We are now using the last parameter to the alloc instruction. The 4 says that we want four rotating registers. The ar.lc and ar.ec register must be preserved across calls, so we save them here for restoration at the end. Predicate registers p16 through p63 must also be preserved, so we save all the predicate registers by using the preds pseudo-register which grabs all 64 predicates into a single 64-bit value.

Next, we set up the loop by setting the loop counter to the number of additional times we want to execute the loop (not counting the one execution we get via fall-through), the epilogue counter to the number of steps we need in order to drain the final iterations, and set the predicates so that p16 = true and everything else is false. We also set up r28 and r29 to step through the array.

Once that is done, we can execute the entire loop in a single instruction group.

And then we clean up after the loop by restoring all the registers to how we found them, then return.

And there you have register rotation. It lets you compress the prologue, kernel, and epilogue of a pipelined loop into a single instruction group.
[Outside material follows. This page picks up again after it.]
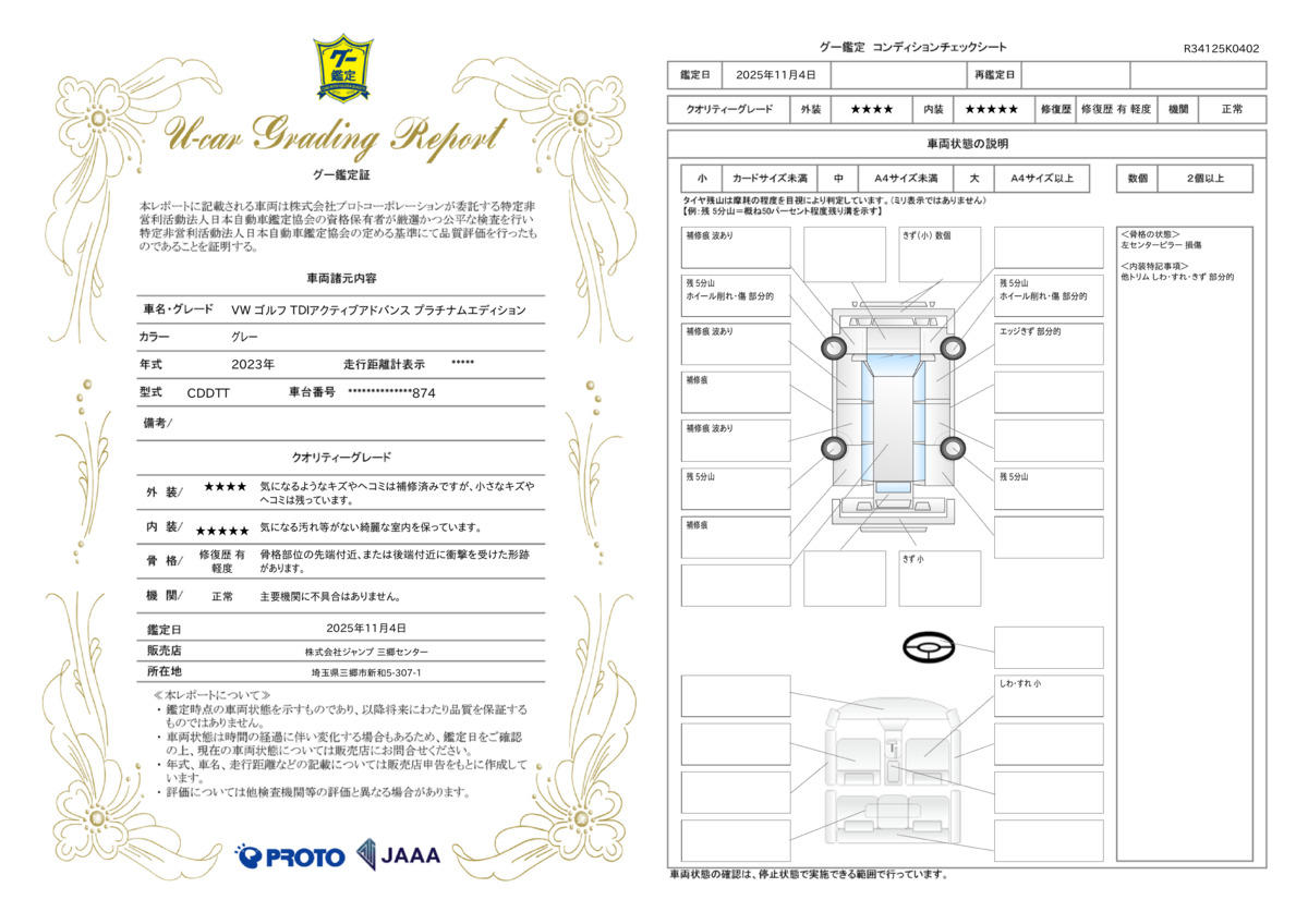 | 車台番号下3桁 | 874 | 全体のサイズ | - / - / - |

I pulled a fast one here: The Itanium requires that the number of rotating registers be a multiple of eight. So our code really should look like this:

      alloc r40 = ar.pfs, 0, 12, 0, 8
      mov r41 = ar.lc         // preserve lc
      mov r42 = ar.ec         // preserve ec
      mov r43 = preds         // preserve predicates

      addl r31 = r0, 1999 ;;  // r31 = 1999
      mov ar.lc = r31         // ar.lc = 1999
      mov ar.ec = 4
      mov pr.rot = 1 << 16 // p16 = true, all others false
      addl r29 = gp, -205584  // calculate start of array
      addl r28 = r29, 0 ;;     // put it in both r28 and r29

again:
(p16) ld4 r32 = [r29], 4      // execute an entire loop with
(p18) adds r34 = r34, 1       // a single instruction group
(p19) st4 [r28] = r35, 4      // using this one weird trick
      br.ctop again ;;

      mov ar.lc = r41         // restore registers we preserved
      mov ar.ec = r42
      mov preds = r43
      mov ar.pfs = r40
      br.ret.sptk.many rp     // return

Instead of four rotating registers, we use eight. The underlying analysis remains the same. We are just throwing more registers into the pot.
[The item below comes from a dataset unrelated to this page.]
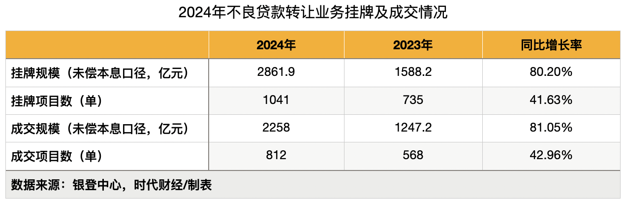 上述《报告》数据显示,从挂牌情况来看,2024年全年,不良贷款转让业务的未偿本息规模合计达2861.9亿元,较2023年的1588.2亿元同比增长80.2%;挂牌项目数为1041单,较2023年的735单同比增长41.63%。

Now, the loop we were studying happens to be very simple, with only one load and one store. For more complex loops, you may need to use things like the unconditional comparison, or pipelining the iterations with a stagger of more than one cycle.

There are other types of instructions for managing loops with register rotation. For example, br.cexit is like br.ctop except that it jumps when br.ctop falls through and vice versa. This is handy to put at the start of your pipelined loop to handle the case where the number of iterations is zero. There are also br.wtop and br.wexit instructions to handle while loops instead of counted loops. The basic idea is the same, so I won't go into the details. You can read the Itanium manual to learn more.

That's the end of the whirlwind tour of the Itanium architecture. There are still parts left unexplored, but I tried to hit the most interesting sights.

Comments (18)
  1. Simon Farnsworth says:

    Thanks Raymond, for an interesting tour of a rather weird architecture.

    I've been impressed with the clarity of your explanations, and I'd love to see you do this again with another architecture that Windows has supported.

  2. Muzer says:

    Very interesting fortnight. I'd definitely be voting for doing this with another architecture some time!

  3. BDCrazy says:

    Fascinating adventure.  Thanks for the work involved.

  4. pc says:

    Let me add my thanks as well. As you said at the beginning, it's very much like learning a foreign language. Not directly practical if you're not going to be in a place where you need it, but really interesting to see another way of looking at the world.

    Is the br.ctop instruction something special that lets you get 4 instructions in an instruction group instead of 3? Or am I completely misunderstanding the prior parts of the series?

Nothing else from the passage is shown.